La settima edizione del Festival della Fotografia Etica, torna a Lodi il prossimo ottobre con progetti e obiettivi puntati sul delicato equilibrio tra il linguaggio delle immagini e le sfumature della sua filosofia morale.

Mostre, laboratori, letture portfolio, incontri e occasioni di scambio, arricchiti dal contributo umanitario dei fotoreportage vincitori dalla sesta edizione del World.Report Award | Documenting Humanity, con le sue 4 categorie e un montepremi di 14.000 Euro.

World.Report Award 2016: 4 categorie/sezioni

Master Award: aperto a tutti i fotografi senza alcuna restrizione. Il lavoro presentato deve essere composto da un minimo di 20 a un massimo di 40 foto. Il premio corrisposto è pari a 6.000 Euro lordi in denaro.
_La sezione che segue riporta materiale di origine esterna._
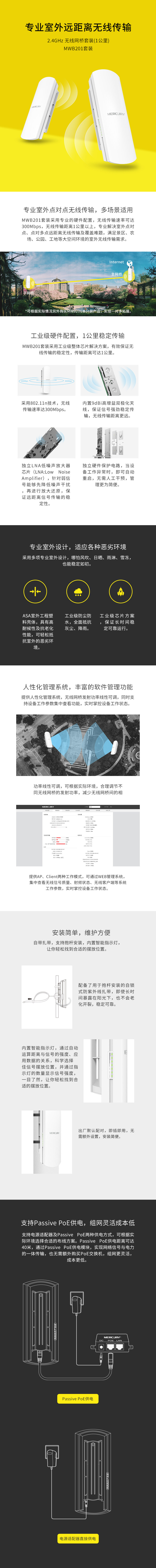 Mercury 1 км беспроводной сетевой мост, установленное на открытом воздухе с высоким уровнем мостира Wi -Fi Wi -Fi Мониторинг сети MWB201 набор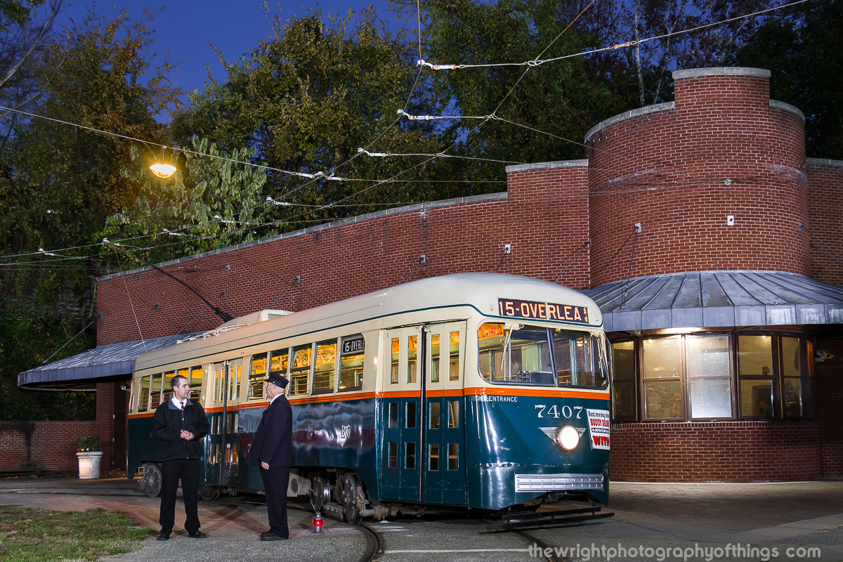 Baltimore Streetcar Museum’s youngest car, 7407 was built by the Pullman-Standard Car Manufacturing Company in 1944 for the Baltimore Transit Company. It was one of the last streetcars ordered for Baltimore until the MTA bought the new light rail cars. Since this car was built during the Second World War, the stanchions are painted instead of chrome coated. This car represented the height of streetcar development in the world when it was built and has the same general performance characteristics as the modern light rail cars. This car was rebuilt in the early 1990’s and is painted in its original color scheme of cream, Alexandria blue, and orange. The original paint scheme of Baltimore’s PCC cars was the result of a student competition circa 1936 at the Baltimore Institute of Art.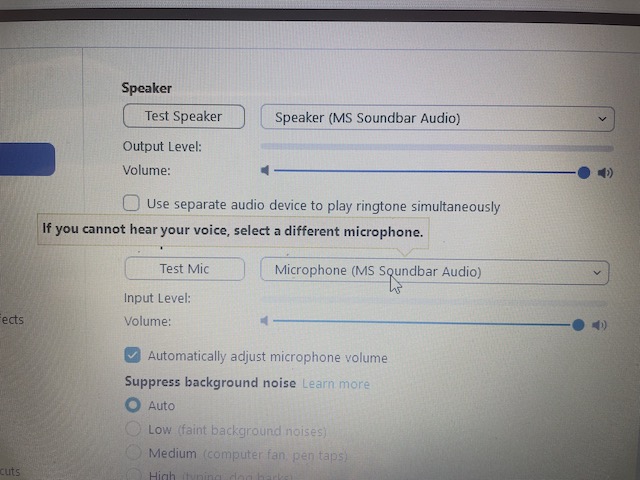 Going back to the upper left area, click on the “Audio” option. Next to the “Test Speaker” and “Test Mic” buttons, select the “Speaker (MS Soundbar Audio)” and the “Microphone (MS Soundbar Audio)”.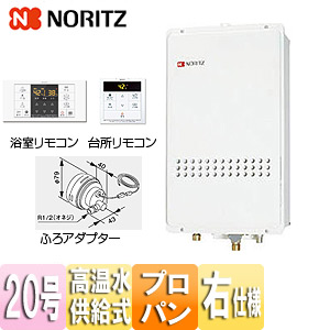 ガス給湯器[浴室・台所リモコン+ふろアダプターセット][PS扉内設置型][後方排気][高温水供給式][クイックオート][20号][20A][プロパンガス][ふろアダプター右仕様]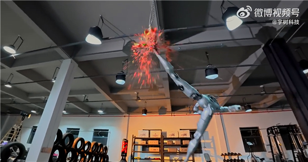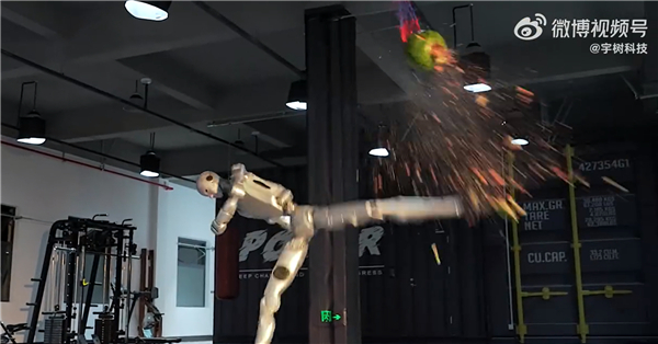 随后,机器人在空中展示了回旋踢,轻松将吊起来的西瓜踢得粉碎。不仅如此,还一脚将两个60公斤沙包踹开,并且稳稳站住。

Spot Light Award: Aperto a tutti i fotografi che non hanno mai ricevuto uno dei seguenti premi entro l’1 Aprile 2016: World Press Photo, W. Eugene Smith Grant in Humanistic Photography, Pulitzer Prize, POYi Picture of the Year e World.Report Award ad eccenzion fatta per le categorie dedicate ai multimedia. Il lavoro presentato deve essere composto da un minimo di 20 a un massimo di 40 foto. I fotografi che partecipano a questa sezione possono partecipare anche al Master Award. Il premio corrisposto è pari a 3.000 Euro lordi in denaro.

Short Story Award
: Aperto a tutti i fotografi senza alcuna restrizione. Il lavoro presentato deve essere composto da un minimo di 5 a un massimo di 10 foto. Il premio corrisposto è pari a 1.000 Euro lordi in denaro.
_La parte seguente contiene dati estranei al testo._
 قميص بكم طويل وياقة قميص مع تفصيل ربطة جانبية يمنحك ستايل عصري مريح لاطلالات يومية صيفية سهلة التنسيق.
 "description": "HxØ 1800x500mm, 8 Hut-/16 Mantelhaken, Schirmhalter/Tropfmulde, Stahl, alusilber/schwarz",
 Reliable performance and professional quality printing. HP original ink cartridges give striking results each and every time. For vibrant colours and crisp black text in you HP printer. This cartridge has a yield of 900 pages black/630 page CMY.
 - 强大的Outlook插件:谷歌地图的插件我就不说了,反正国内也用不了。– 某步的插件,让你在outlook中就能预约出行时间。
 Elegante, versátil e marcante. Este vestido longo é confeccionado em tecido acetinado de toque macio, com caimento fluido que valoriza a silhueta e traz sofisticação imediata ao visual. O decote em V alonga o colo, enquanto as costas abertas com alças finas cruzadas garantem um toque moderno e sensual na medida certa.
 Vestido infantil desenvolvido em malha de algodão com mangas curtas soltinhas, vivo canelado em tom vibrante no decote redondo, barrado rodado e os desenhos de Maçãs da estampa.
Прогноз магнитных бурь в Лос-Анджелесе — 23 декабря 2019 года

European Photographers Award | Spain 2016: introdotta per la prima volta, questa sezione vuole focalizzare la sua attenzione sulle diverse cittadinanze dei fotografi europei.
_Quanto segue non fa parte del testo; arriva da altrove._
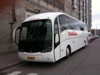 Linda and I are sitting in the first seat behind the driver of the bus (as you can see from this over-the-shoulder picture). What you cannot see (and count yourself fortunate) is the harrowing passing on this highway. That white line down the middle of the road is where the bus goes when it passes a slower truck or car. The slower vehicle moves a little to the right, while (we hope) the oncoming traffic does similar to our left, leaving room down the middle for our pass. |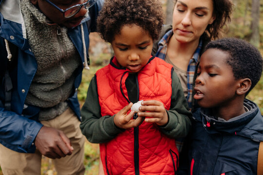 Mix of various sea shells from the crustaceans and mollusks families such as clams, oysters, scallops, conch, mussels collected in a blue barrel at the coastline of a Norwegian fjord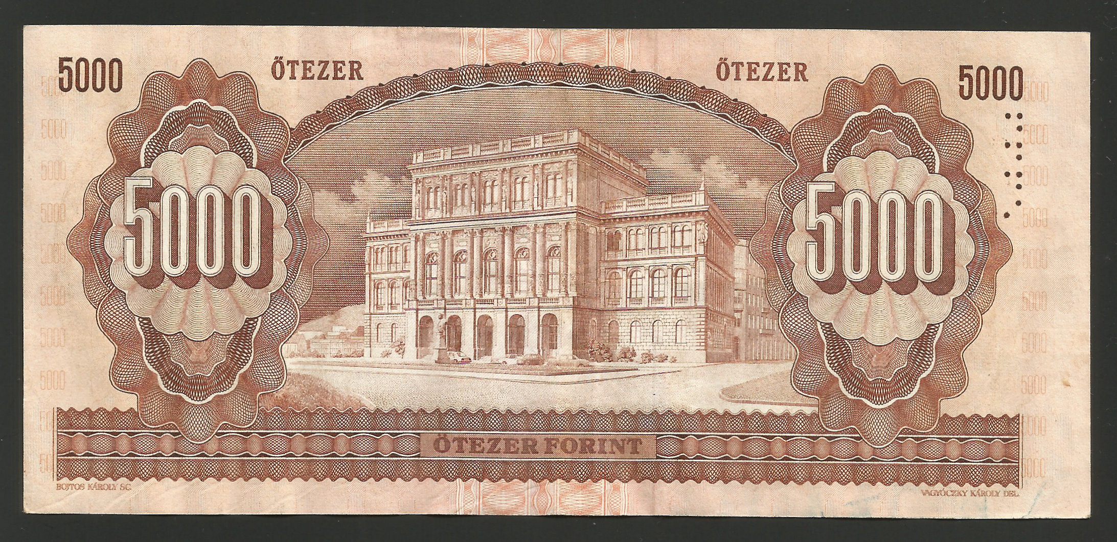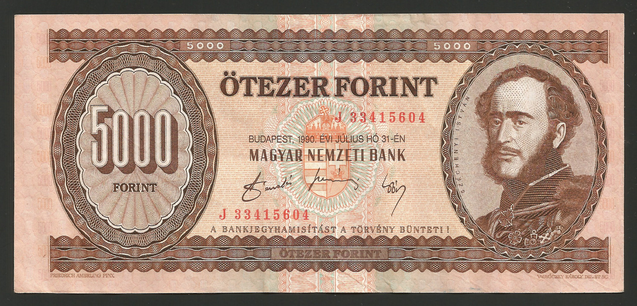 Széchenyi 5000 forint 1990 J, használt, eredeti állapotban, szép erős tartású papírral. Ritkább betűjel.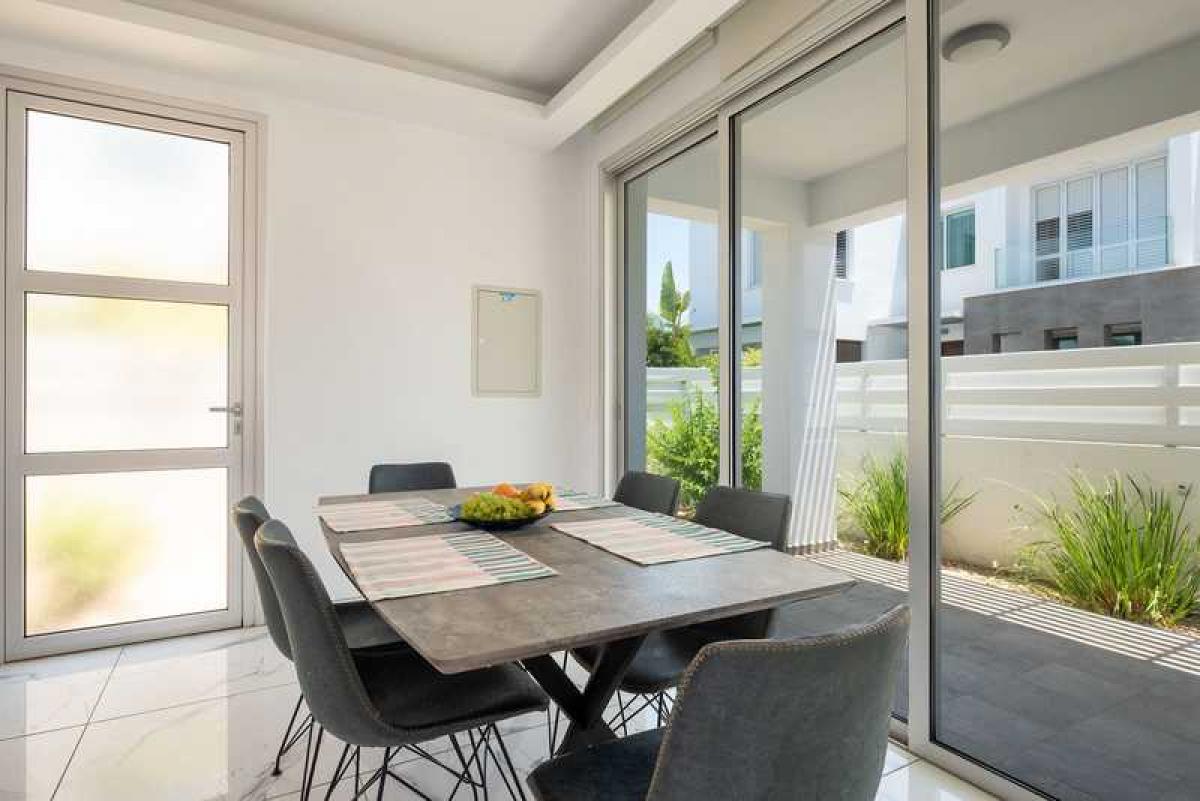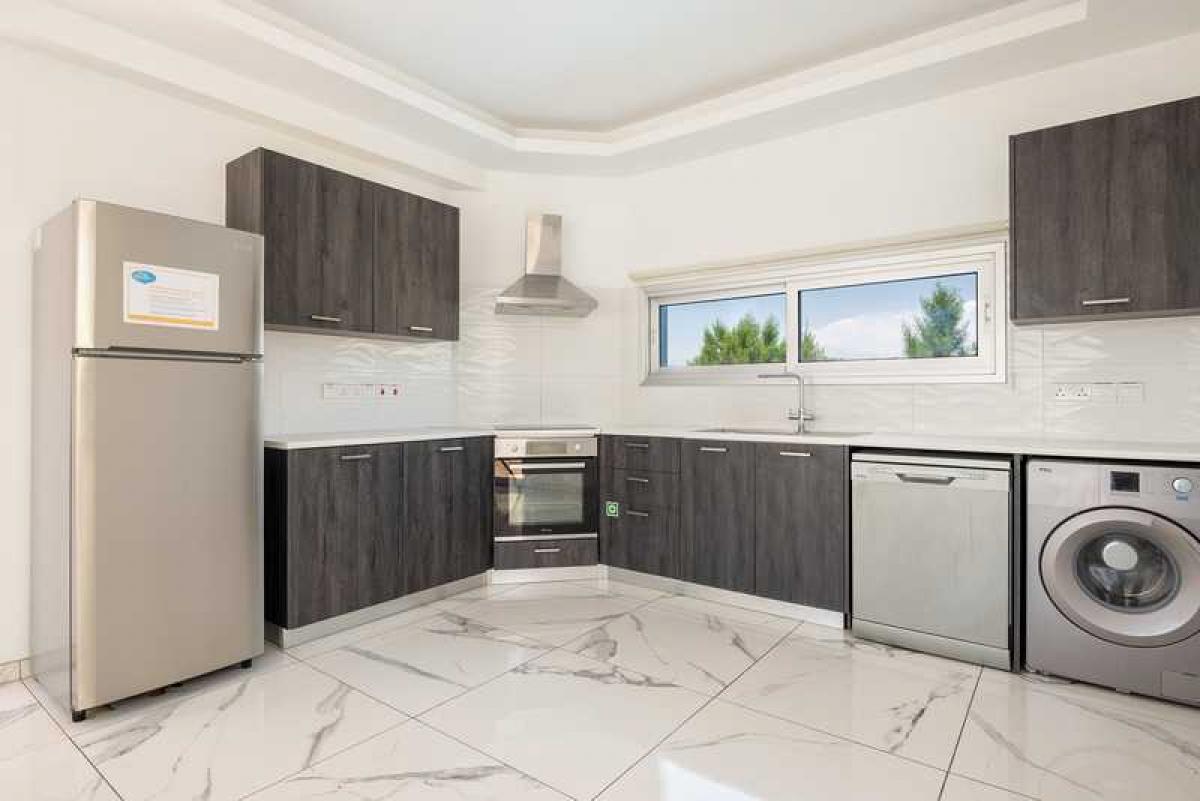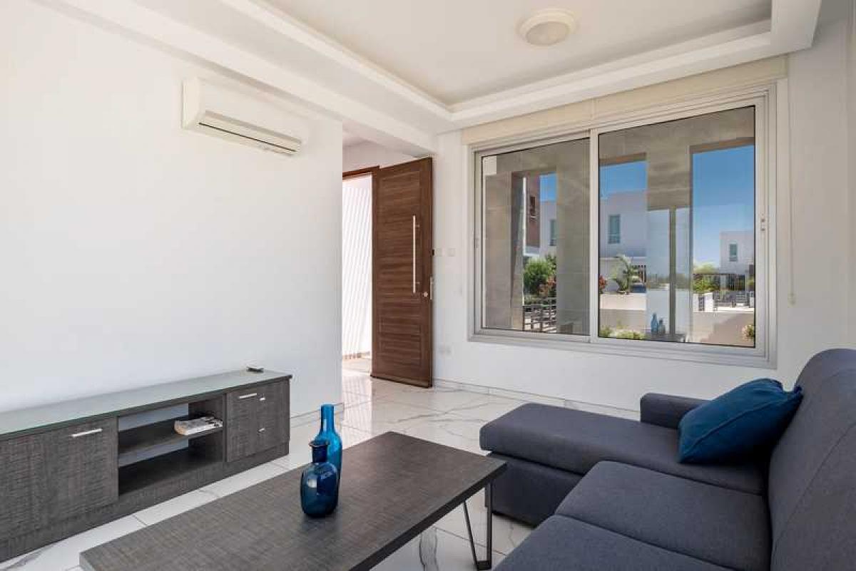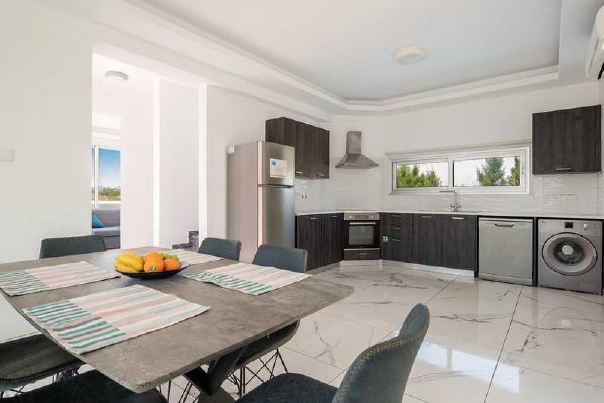 The villa is a part of an amazing gated complex of 19 modern villas. It is located in Kapparis - one of the most popular tourist destinations of Famagusta area in the East of Cyprus. The clear blue waters of the Mediterranean await you!The cozy 3 bedroom villa with private swimming pool and garden offers relaxing and tranquil time with family or friends. Modern design and comfort of open plan ground floor with kitchen, dining area and living room allow enjoying time. The living area has 2 coaches, a coffee table and tv stand while the dining area features a dining table and chairs. The modern kitchen is equipped with all the appliances: fridge, dishwashing machine, oven, electrical hob and hood, washing machine etc, and will be a joy to cook in. There is a guest toilet on the ground floor. The three furnished cozy bedrooms are tucked away on the first floor: master bedroom with en-suite, two bedrooms and one family bathroom.

L’edizione 2016 si inaugura con la candidatura di tutti i fotografi di cittadinanza spagnola e si sviluppa in collaborazione con il PhotOn Festival di Valencia. Il lavoro presentato deve essere composto da un minimo di 20 a un massimo di 40 foto. Il premio corrisposto è di 500 Euro lordi in denaro, un corpo macchina Fuji X-T1, una mostra che verrà esposta durante il Festival della Fotografia Etica 2016 e presso il PhotOn Festival 2017 a Valencia.

Le iscrizioni alle categorie del contest sono aperte a tutti, senza distinzione di età, nazionalità, approccio all'argomento o numero di lavori da proporre, fatta eccezione per quelli collettivi, previo rispetto del regolamento e pagamento di una quota di 10 euro per reportage e per sezione, entro e non oltre le ore 23:59 CET del 31 Maggio 2016.

World.Report Award | Documenting Humanity: Regolamento


L’ambito dei progetti deve essere quello del fotoreportage sociale e/o documentaristico: le vicende dell’uomo, le sue storie, gli eventi delle società, i fenomeni e i cambiamenti dell’umanità.

La partecipazione è aperta a tutti i fotografi senza limite alcuno. Ogni fotografo può presentare un numero illimitato di lavori. Non sono ammessi reportage realizzati collettivamente.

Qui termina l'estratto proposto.